Seems like I would be better off spending the money towards improving the attic space to combat radiant heat and insulate it further. So much for doing any fancy low-e tricks while replacing the shingles. I guess with such closed spaced sheathing, even OSB is out of the question for me.

Just to add more data to this thread, thermasheet claims their product under an asphalt shingle has an R-Value = 1.03


----------



## Bud9051 (Nov 11, 2015)

Just joined the thread and only skimmed the previous posts, but have you selected and installed your shingles as yet? If not, that is where some radiant reflection can help and they do make shingles with improved properties.
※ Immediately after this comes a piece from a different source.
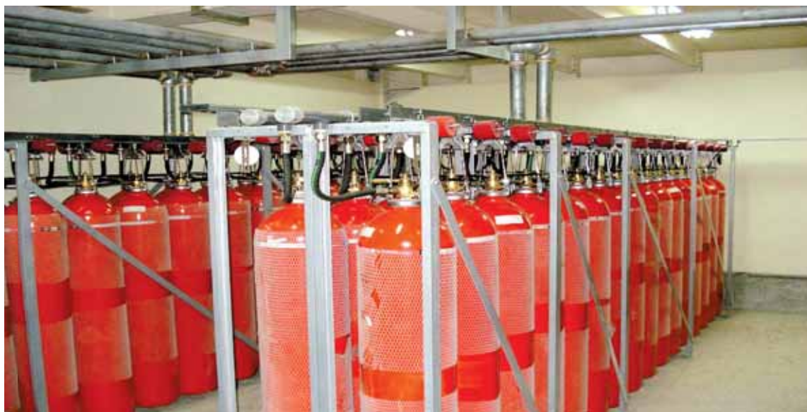
شکل ۳- مجموعه سیلندرهای اطفای حریق اتوماتیک CO 2 با متعلقات

هنگام محاسبه و طراحی سیستم‌های با گازهای هیدروکربنی (چون FM200 یا NOVEC) می‌بایست نکات مهمی مد نظر قرار گیرد؛ از جمله اینکه برخلاف گازهای ساکن زمان تخلیه نباید از ده ثانیه بیشتر شود تا از تولید رادیکال‌ها جلوگیری شود. در صورت واکنش، هیدروژن فلوراید (HF) به‌عنوان محصول تجزیه تولید شده که به نوبه خود در مجاورت آب و یا رطوبت محیط، ماده بسیار

Once the sun heats up the roof you then have to deal with the heat transferred to the inside. Before I go into details can you summarize where your project stands.

Bud


----------



## fastsvo (May 31, 2017)

Bud9051 said:


> Once the sun heats up the roof you then have to deal with the heat transferred to the inside. Before I go into details can you summarize where your project stands.
> 
> Bud


Currently, I am about to purchase all my needed material and hope to get started in the next two weeks.

Thanks!


----------



## Bud9051 (Nov 11, 2015)

There are several mfgs that make highly reflective shingles, search
"asphalt shingles with high reflective properties"
Here is a dot gov site that provides its information with less mfg bias.
https://energy.gov/energysaver/cool-roofs

Any heat that you can turn away before it gets into your attic is a big improvement. I can't say I've used the equation but I have seen it and the net radiant heat transfer from one hot surface to another cooler one is based upon the temperature difference (among other variables) to the 4th power. Thus the shingles suggested above can greatly reduce the heat that ultimately reaches the insulation in your ceiling.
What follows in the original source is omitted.